Using the line with "ESQUINERA METALICA CROMADA" as your starting point, transcribe it and each line beneath it word for word until the records run out, without pictures.

── PROVIDED INFORMATION

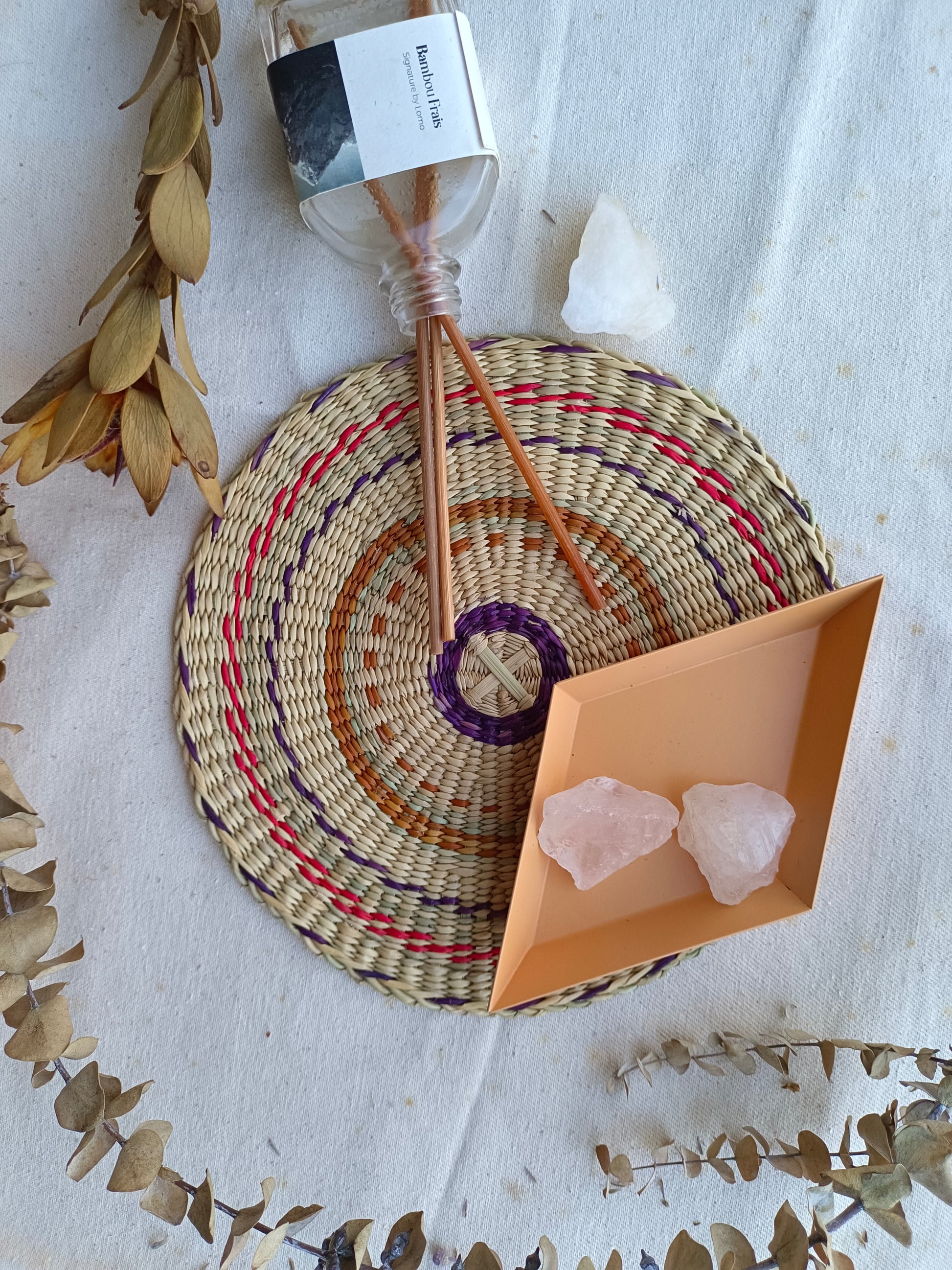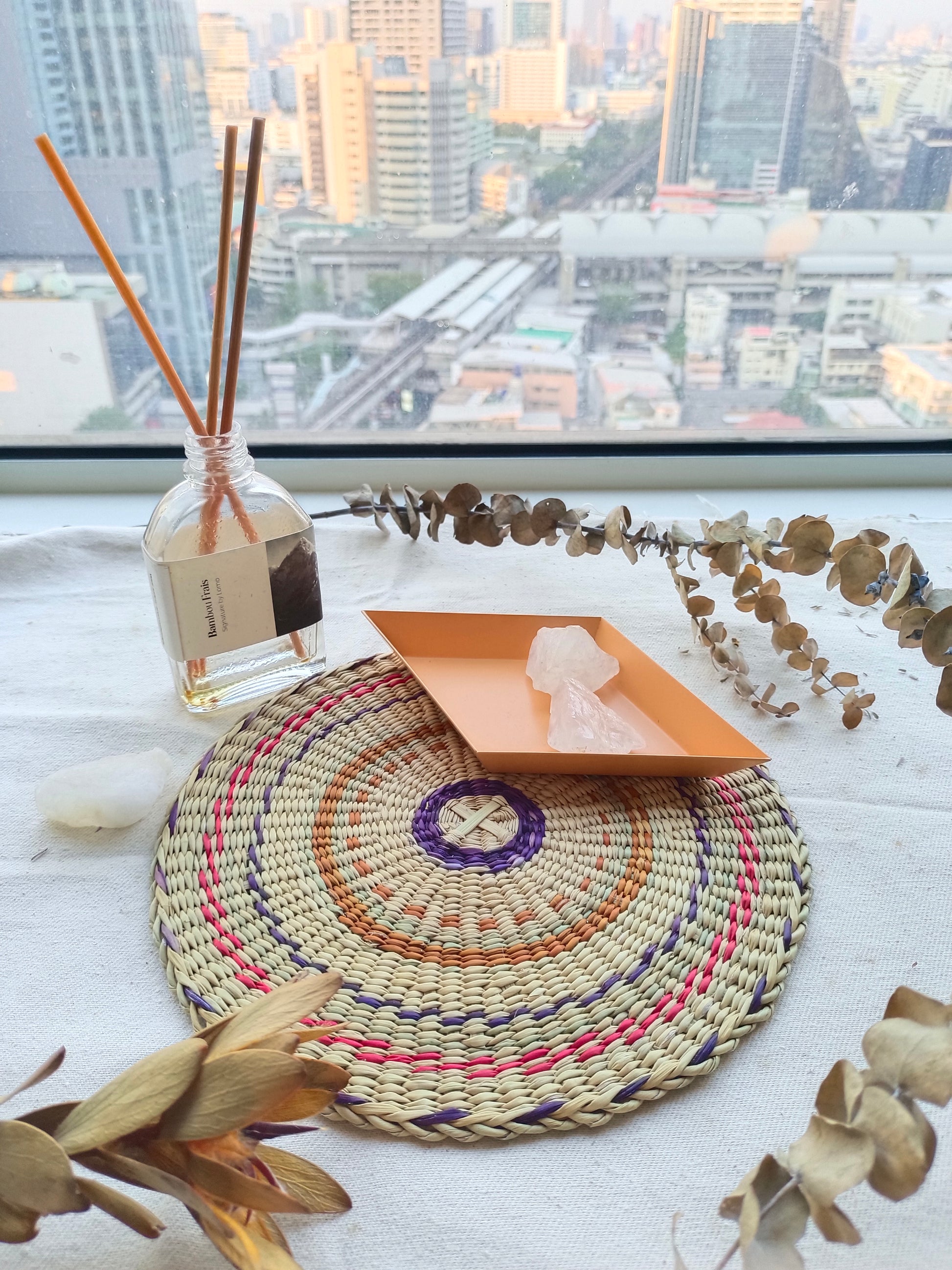 This natural sedge is carefully handwoven by Thai artisans, pouring generations of local wisdom and craftsmanship. A modern take on traditional Thai weaves that adds cultural sophistication to any home. We use natural sedge and redesign the colour and pattern in order to harmonize with modern lifestyle. This placemat set can be use with hot or cold drink. It easily match with special serving set for every home. It helps protecting from scratch, water stain on the table. The difference of mat colour would help identify individual plate from confusion.
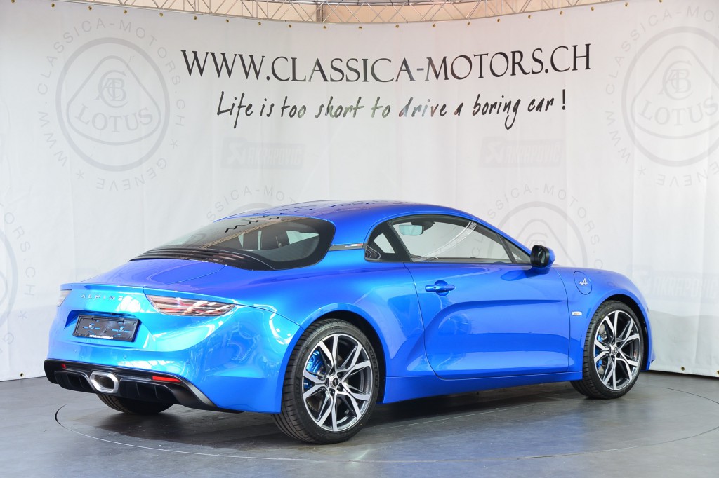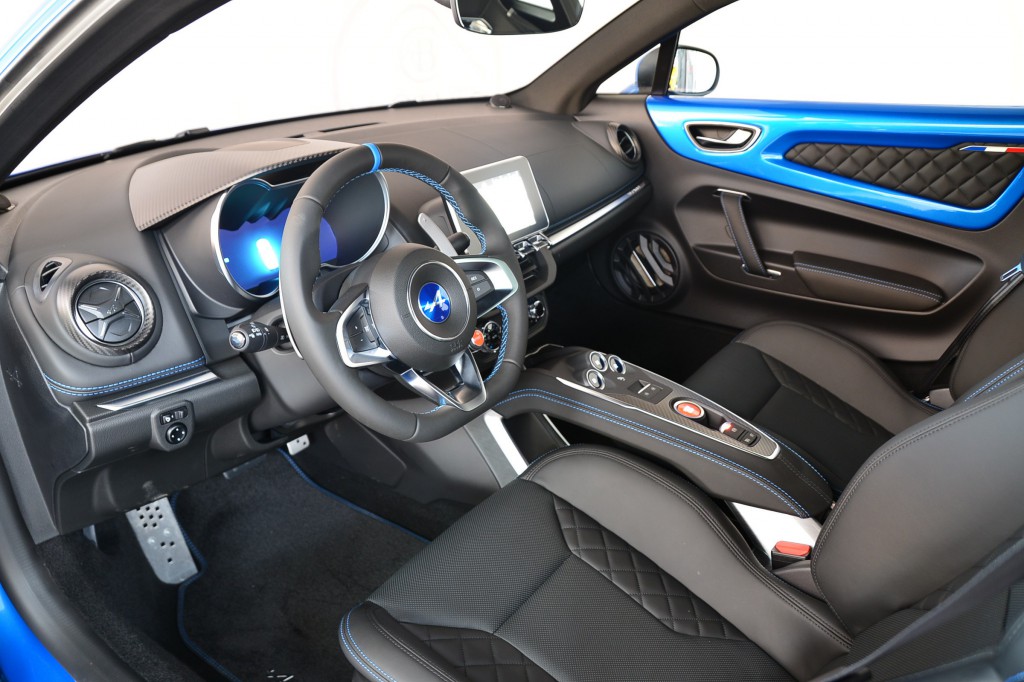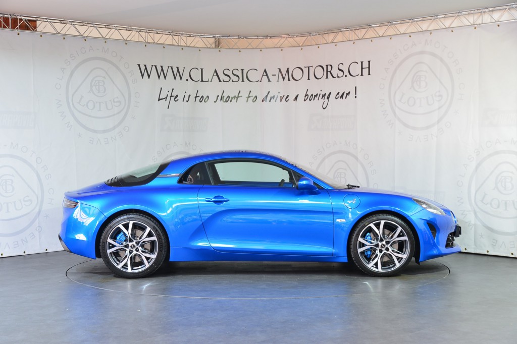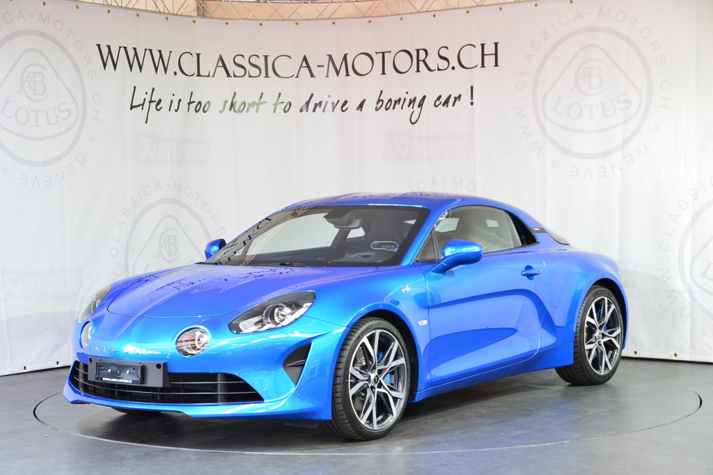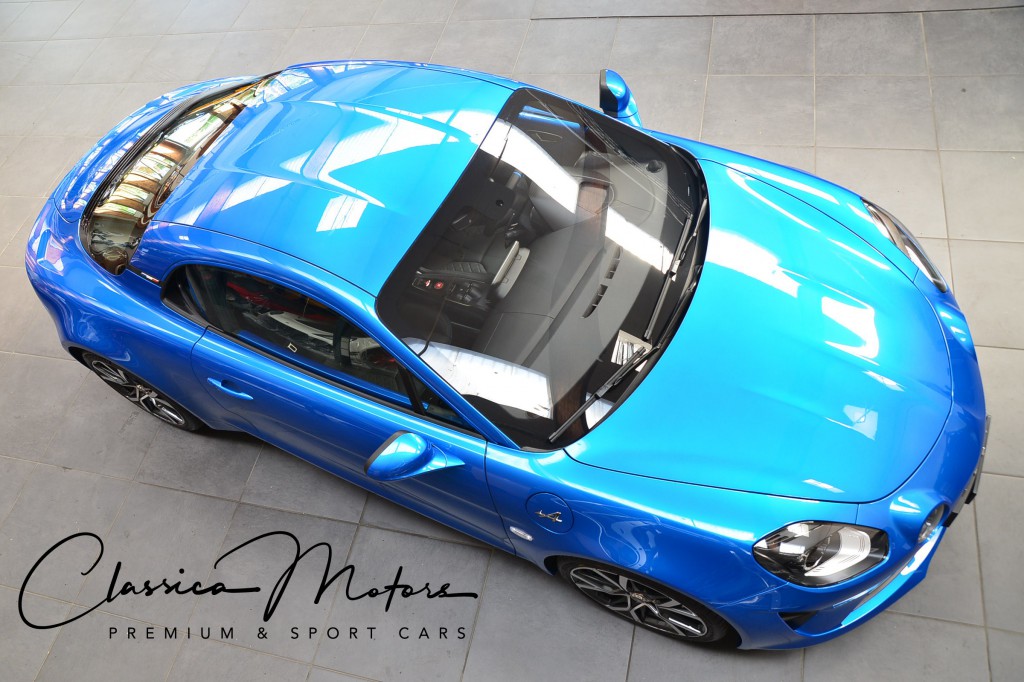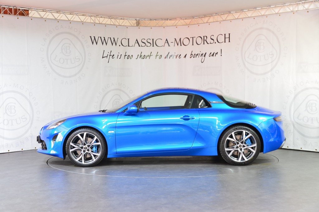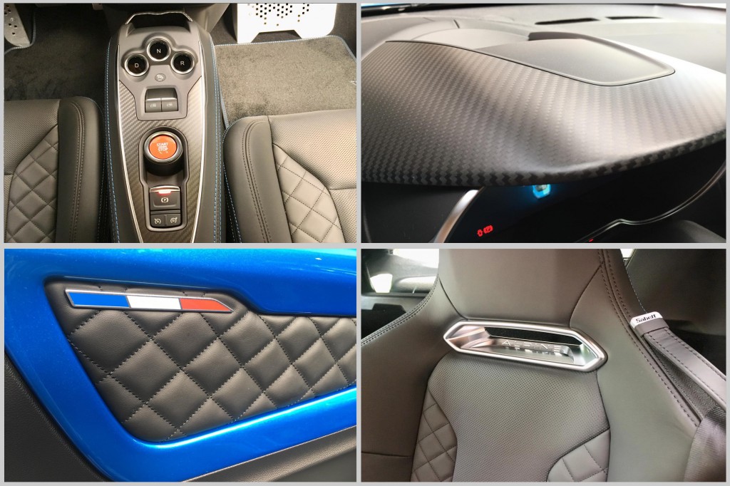 Equipement complet dont l'échappement Sport activable, le repose-pied aluminium, la peinture métallisée Bleu Alpine, le parc contrôle avant et arrière, l'Alpine Télémetrics, les freins haute performance, le pédalier aluminium, les étriers de freins bleu Alpine, les tapis de sol Alpine, les jantes Sérac 18'', les logos Alpine sur les ailes avant, les rétroviseurs électriques et chauffants, le système Audio Focal, Etc..
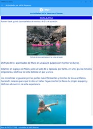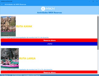 Crear Pre-Reservas de los productos de MKN (Maro - Kayak Nerja) para las actividades de alquiler por libre y rutas guiadas con monitor por los acantilados de Maro- Cerro Gordo en Andalucía, en el sur de España. También ofrecemos otras actividades, como buceo (Discover Scuba Diving), tours de snorkel, barranquismo en Río Verde (Granada), rutas de montañismo/senderismo por el entorno del Parque Natural de las Sierras de Almijara, Tejeda y Alhama.
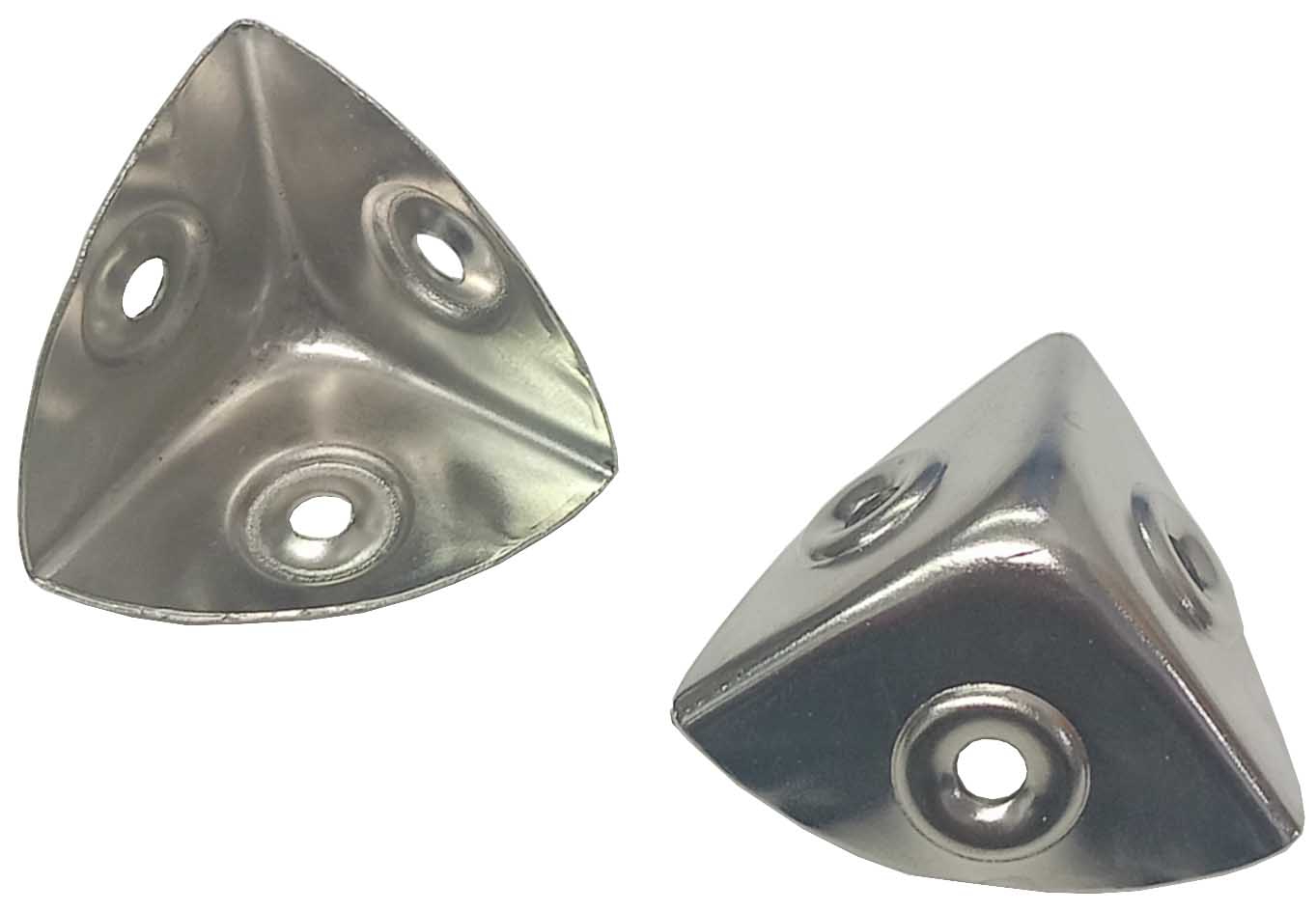 ESQUINERA METALICA CROMADA DE 30X30X30MM. EN FORMA DE PIRAMIDE CON AGUJERO EN CADA LADO. PROTECTOR DE ESQUINAS. PRECIO POR UNIDAD.
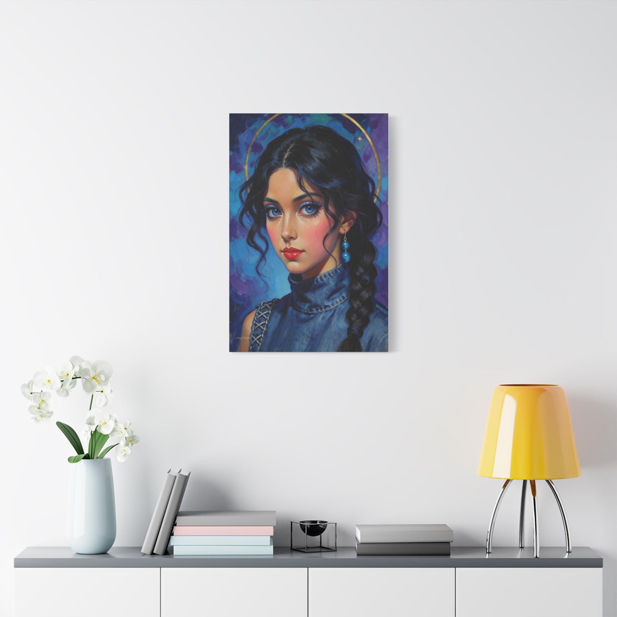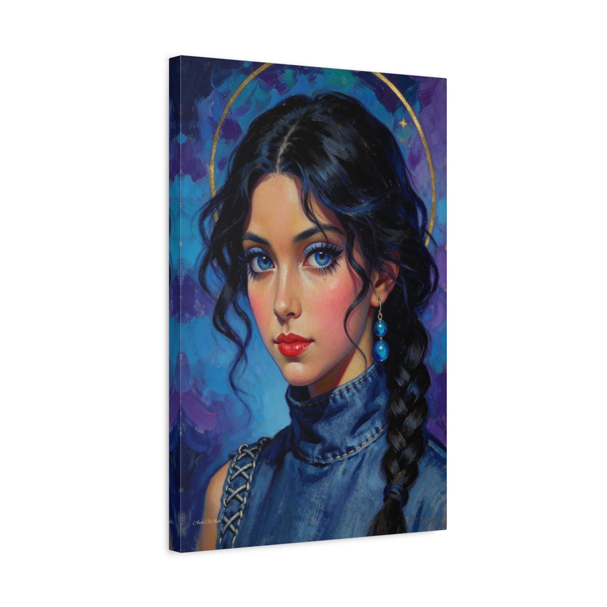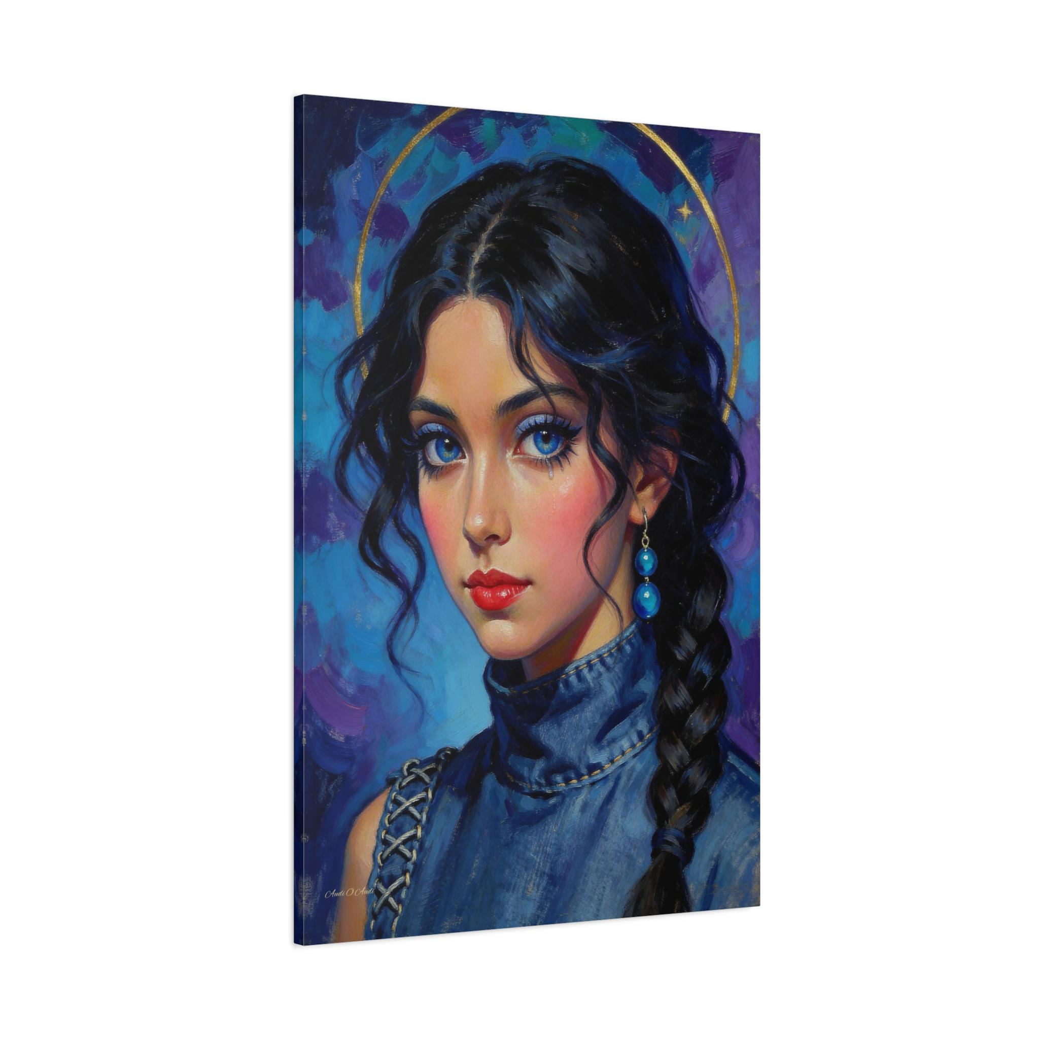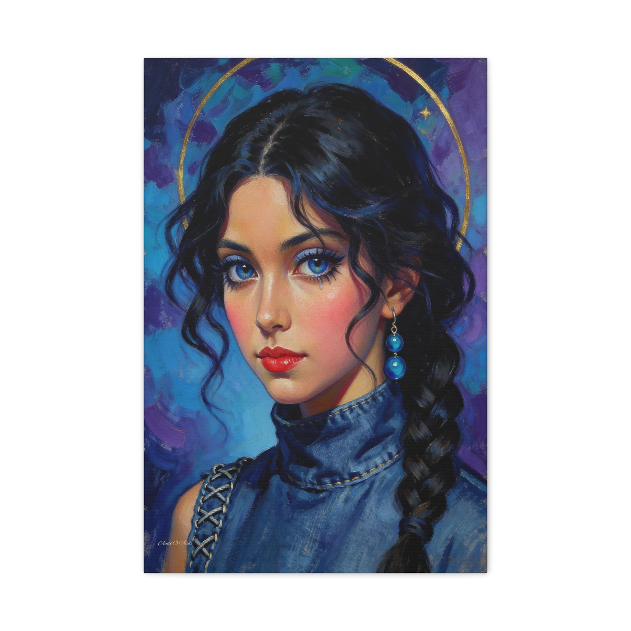 Behold the "Indigo Muse," a breathtaking canvas print that combines the rich, textural quality of oil painting with a bold, modern sensibility. This portrait features a young woman with a captivating, intense gaze and is rendered in a stunning palette of deep blues, violets, and touches of brilliant gold.

────

RESPONSE AREA »
 ESQUINERA METALICA CROMADA DE 30X30X30MM. EN FORMA DE PIRAMIDE CON AGUJERO EN CADA LADO. PROTECTOR DE ESQUINAS. PRECIO POR UNIDAD.
 Behold the "Indigo Muse," a breathtaking canvas print that combines the rich, textural quality of oil painting with a bold, modern sensibility. This portrait features a young woman with a captivating, intense gaze and is rendered in a stunning palette of deep blues, violets, and touches of brilliant gold.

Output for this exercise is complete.